As many have pointed out, though, we pray and then we act. Our prayer becomes fulfilled by the way that we put our words into practice. When you and I as individuals come together here on a Sunday or any other day, we learn to become community. What we do in worship here is a “we” event, not an “I” event. The church’s role – and we are the church! – the church’s role is to teach about “we”. The church’s role is to say that doors will be flung open in face of disaster and threats of all kinds. The church’s role is to say to the community, “We are here – to listen, to share, to feed spiritually and
physically, to afford a place where one can scrape away at everything that troubles, no matter what it is or how it has come upon people.”
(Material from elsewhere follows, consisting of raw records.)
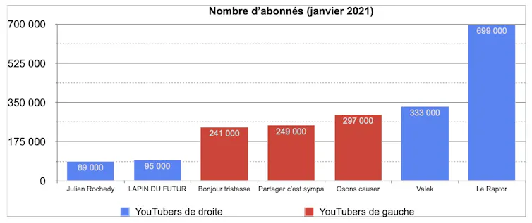 Ces chiffres sont impressionnants comparés à des chaînes YouTube de médias institutionnels, tels que TF1 qui possède 251.000 abonnés et dont les vidéos ne dépassent que rarement le million de vues. Cependant, cette visibilité des suprémacistes doit être relativisée et comparée à des chaînes identifiées à gauche sur YouTube.
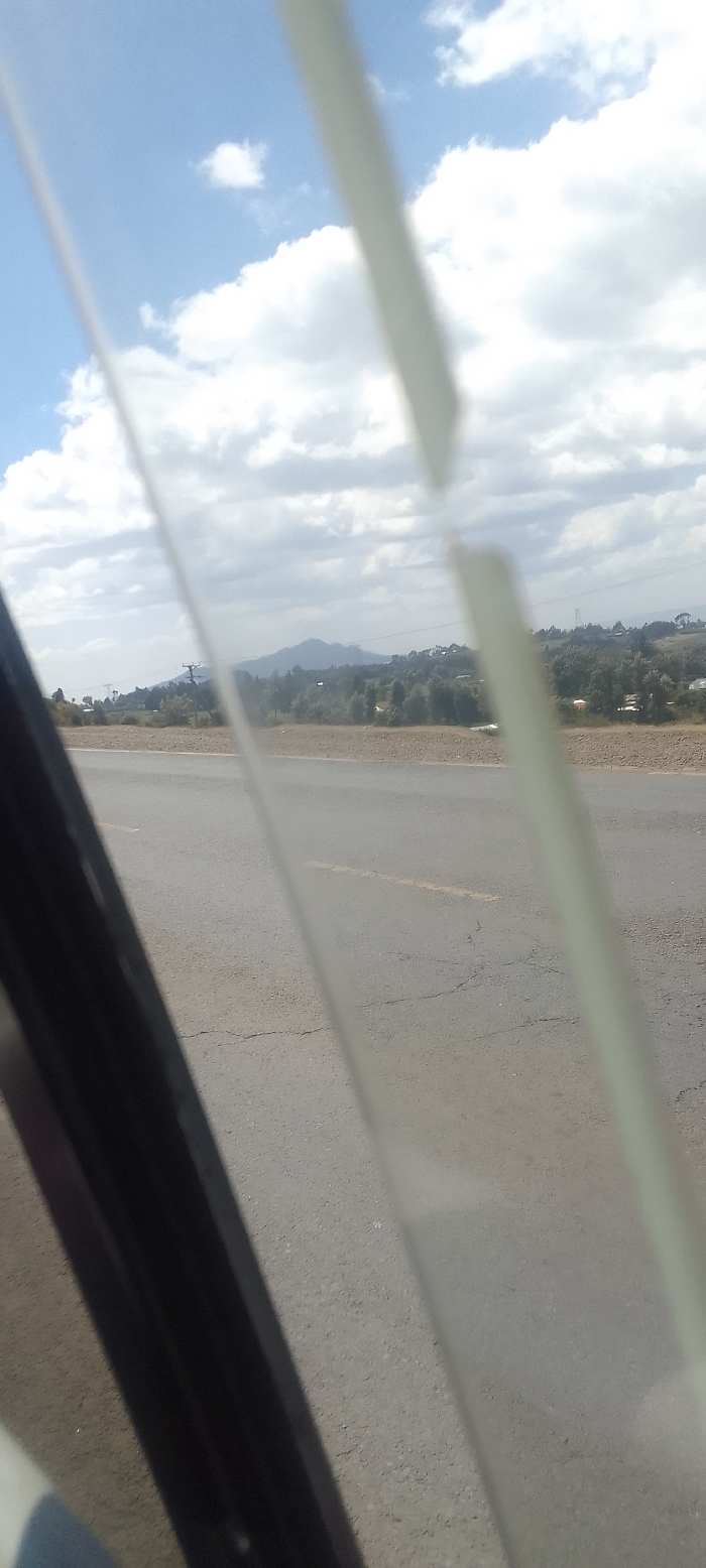 The image depicts an exterior landscape viewed from inside a vehicle, located within Naivasha East ward, Kenya. The foreground and mid-left are partially obstructed by a dark vertical vehicle frame element and several diagonal, opaque streaks from what appear to be window structures or reflections. The upper sky is clear blue with scattered white cumulus clouds. The horizon reveals distant, hazy mountains and hills covered in green vegetation, with scattered residential buildings and utility poles faintly visible. The mid-ground features a grey asphalt road exhibiting surface cracks and a faded yellow center line. A dry, light-brown shoulder separates the road from the further landscape. No people, specific actions, or interactions are observable.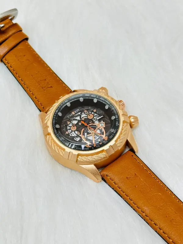 تتميز هذه الساعة بتصميم كلاسيكي خالد مع سوار من الجلد عالي الجودة، مما يضمن الراحة والمتانة. يبرز مينا الساعة الأنيق بوجود نتيجة (عرض التاريخ)، وهي مصممة بدقة لضمان أفضل أداء.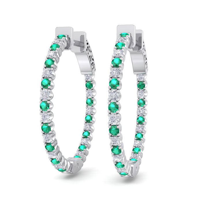 1 Carat Emerald and Diamond Hoop Earrings In 14 Karat White Gold, 3/4 Inch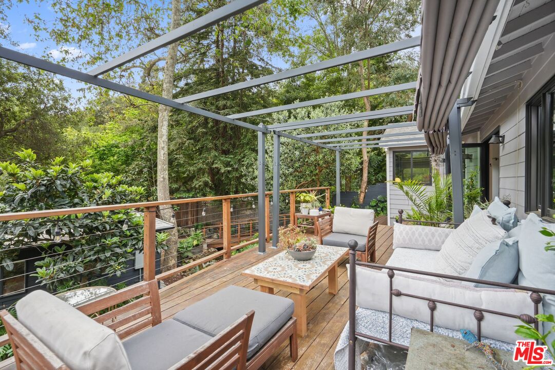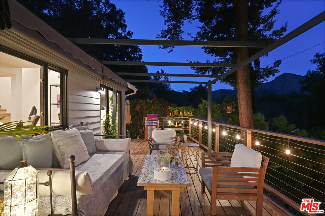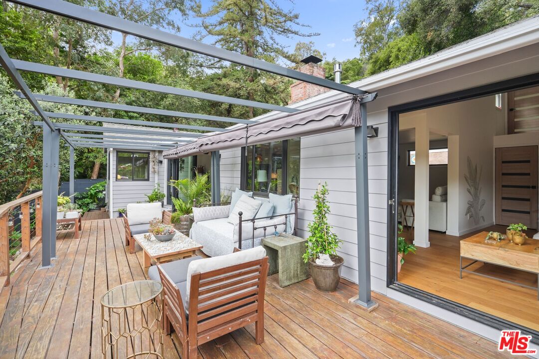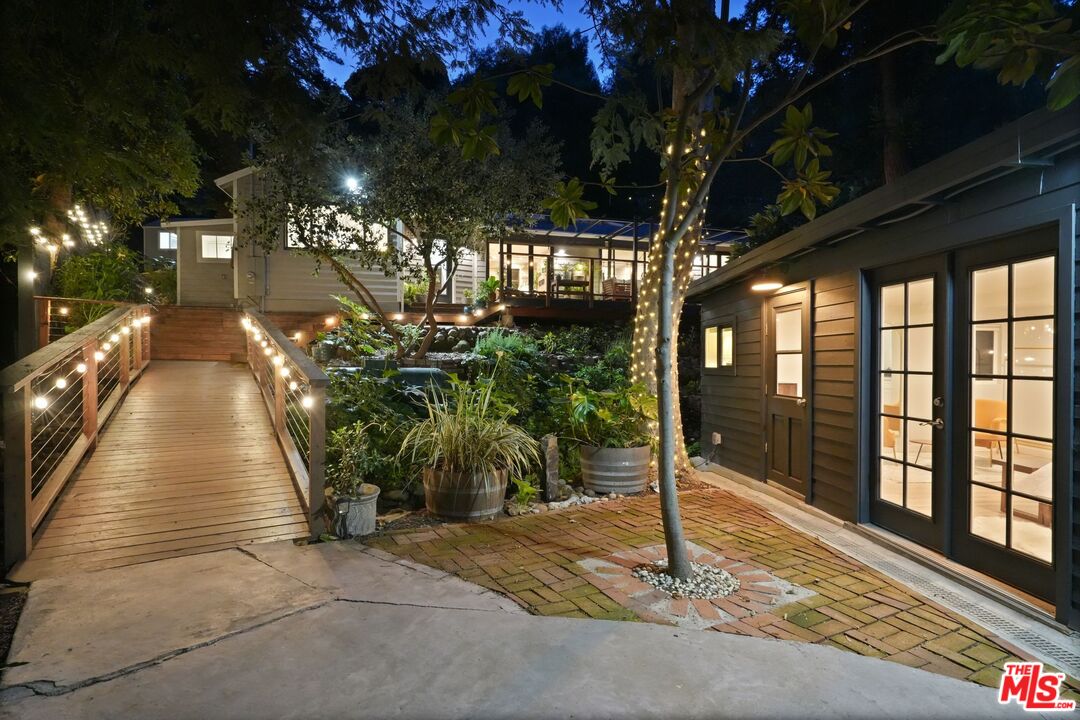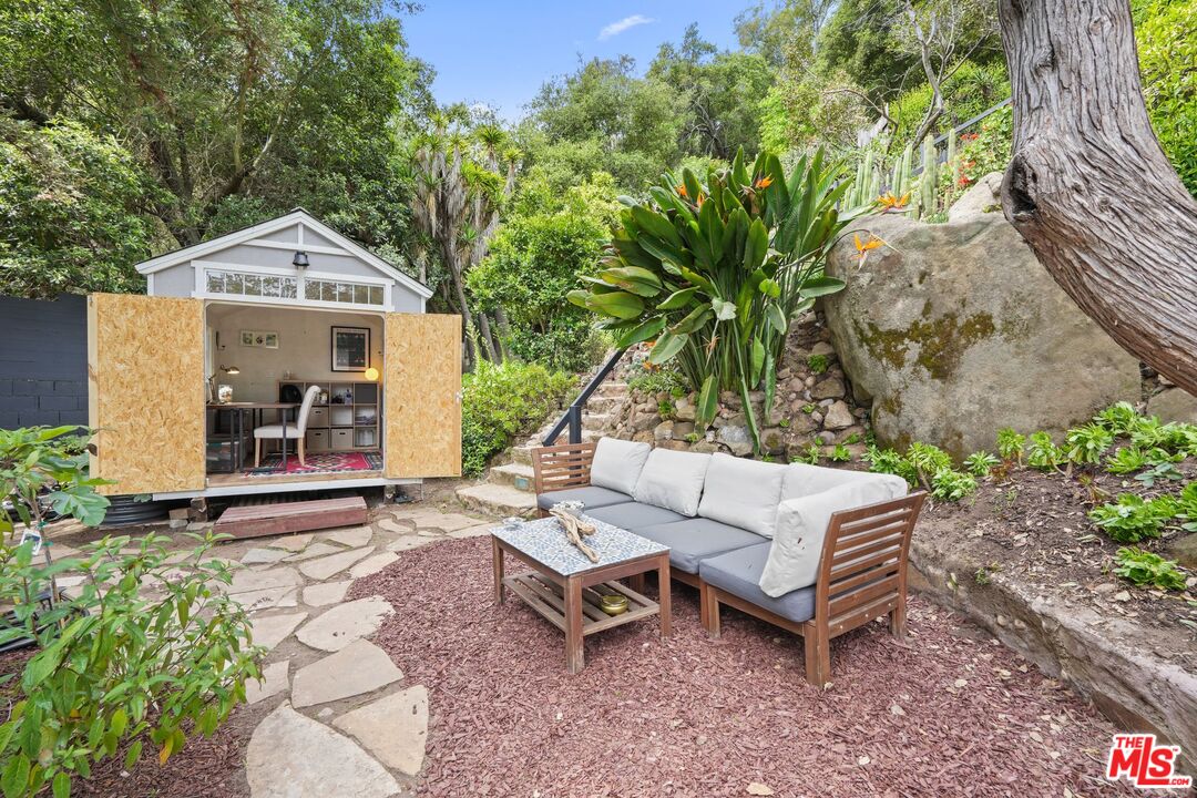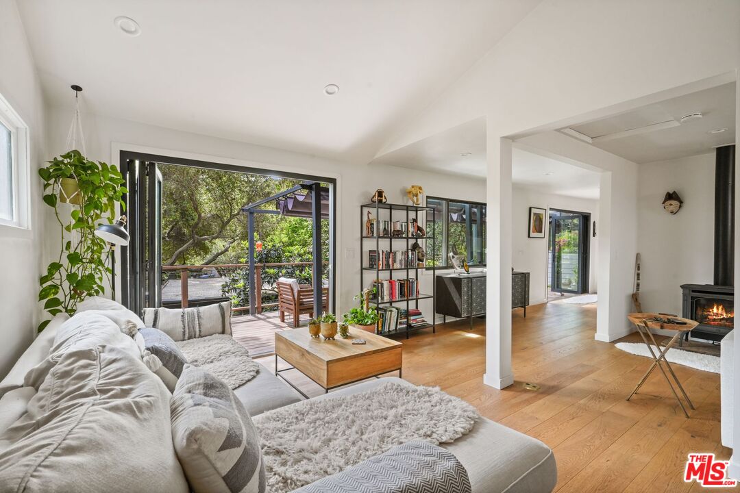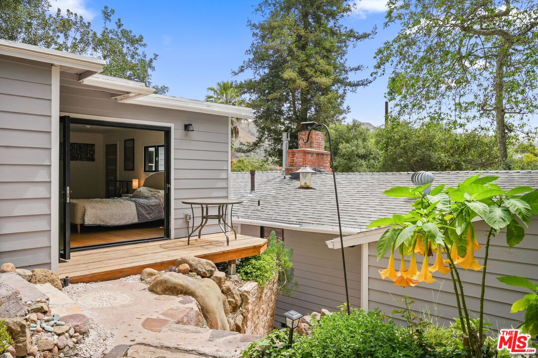 Into the Woods. Behind gates lies a captivating view home and guest house, nestled in a forest dell, in a serene and picturesque setting next to a tiny creek. Under towering Redwoods, in breezy Lower Fernwood, find tranquility amid modern living. Completely updated, with luxury finishes throughout, this 1940s woodland home has been stylishly remodeled to meet the needs of both a modern life, and the soul soothing comforts of a timeless home in the mountains. Completely updated, with luxury finishes throughout, this 1940s woodland home has been stylishly remodeled to meet the needs of both a modern life, and the soul soothing comforts of a timeless home in the mountains. Step through the foyer into an open, large airy, kitchen with a cheery fireplace, and a glass accordion wall open to the spacious creekside deck. A wide island faces the view, and sleek appliances, including a wine refrigerator, let the chef in you come out to play. Sink into the cozy tv nook nearby, with a comforting wood stove to keep things warm. A loft styled living room sits beyond, with another wall of glass, gazing out past the deck to stately Redwoods, and the mountain peaks beyond. On the main level, a library or third bedroom sits in dappled sunlight. An elegantly remodeled bath sits near a bedroom, with glass doors out to its own private deck. Up the open staircase of the lofty living room, a spacious primary suite with 2 walk in closets and views of distant hills, sits on it's own level. The bathroom matches the beauty of its surroundings. Step out of the glass doors onto another private deck with views of the mountains, the gardens, and the fruit trees. A path leads to a studio, perfect as creative space, or a great workshop. Old stone steps meander past fragrantly blooming citrus trees, to a crows nest of an upper deck. Here you can watch the sun rise and set or just gaze upon the lush, private outdoor grounds. A spacious guest house, with its own yard and deck, a bathroom, and kitchenette, welcomes your family and friends. The wide main deck hosts gatherings or solitude. Whether you're sipping your morning coffee on, or unwinding in the evening, the natural surroundings provide a magical backdrop for any occasion. Situated in the tranquil community of Topanga, this home is a true sanctuary, offering a perfect blend of privacy and convenience. The coast is just a short drive away. Lower Topanga state park is just steps away. The charming shops, cafes, and boutiques of Topanga are close by. Here in the forest, your fairy tale begins.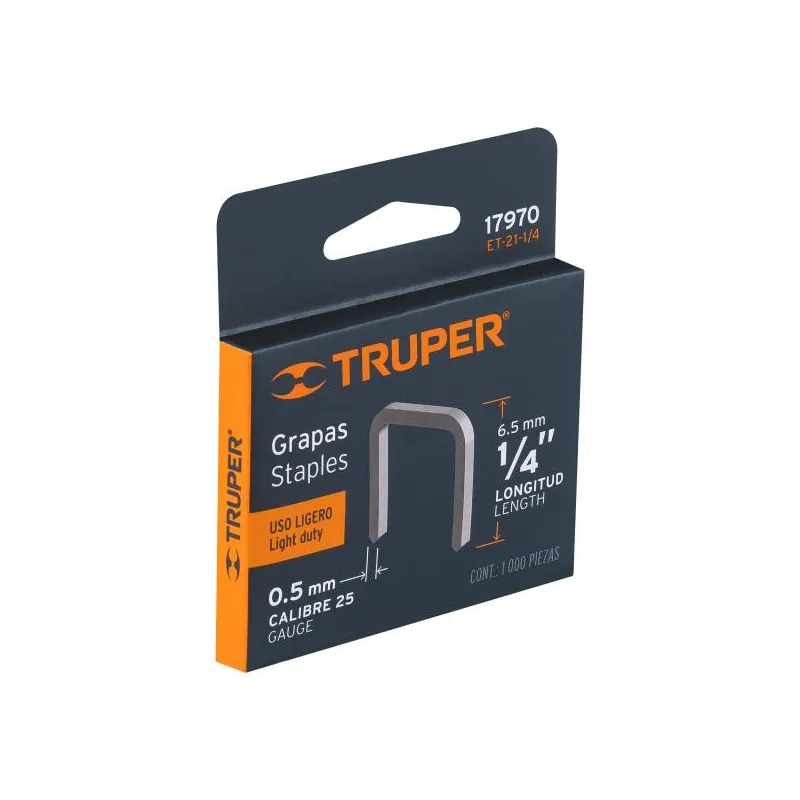 Grapas 1/4" Corona 29/64" Calibre 25 x1000u para Engrapadora ET-19 ET-21 ET-21P, ET-21-1/4 17970 Truper

We come here week in, week out, to remind ourselves how God weeps with us, as well as laughs with us. Above all, we come here to learn and be reminded that God understands what is going on.
Brother Curtis Almquist of the Society of St. John the Evangelist in Cambridge, Massachusetts, talking about compassion, wrote last week, “I would call compassion a ‘life skill’ learnable on our knees: to see ourselves as God sees us, which will inform how we see everyone else. In a time so full of hurt and hate, the grace of compassion can make a world of difference.” [3]
Compassion is what we have learned to feel for the people of Roseburg, and everywhere around the world where evil seems to be so prevalent. Compassion is what we have been invited to experience and to share, and to transform into outstretched hands and hearts and wallets and purses. Because compassion is part of what we need to know and to have in order to help us not to die unprepared.
This morning’s Gospel passage shows Jesus talking out harshly against those who would use power against the weak in society. This morning’s verses, as countless others do, speak to us about ensuring that everyone is treated with kindness, and charity – another side of the compassion which prepares us for our deaths.
Of course, we’d all rather they be later rather than sooner in our lives. Nevertheless, none of us knows, so today, and tomorrow, and every day, we prepare by listening to God; by speaking with God; by acting alongside God wherever there is anything not as it should be. We should be able to say to the people of Roseburg as well as to our neighbours, indeed to everyone, “Let the church help, whatever your need”. And we need to remind ourselves that the church – this congregation and every congregation – should be standing ready tohelp us.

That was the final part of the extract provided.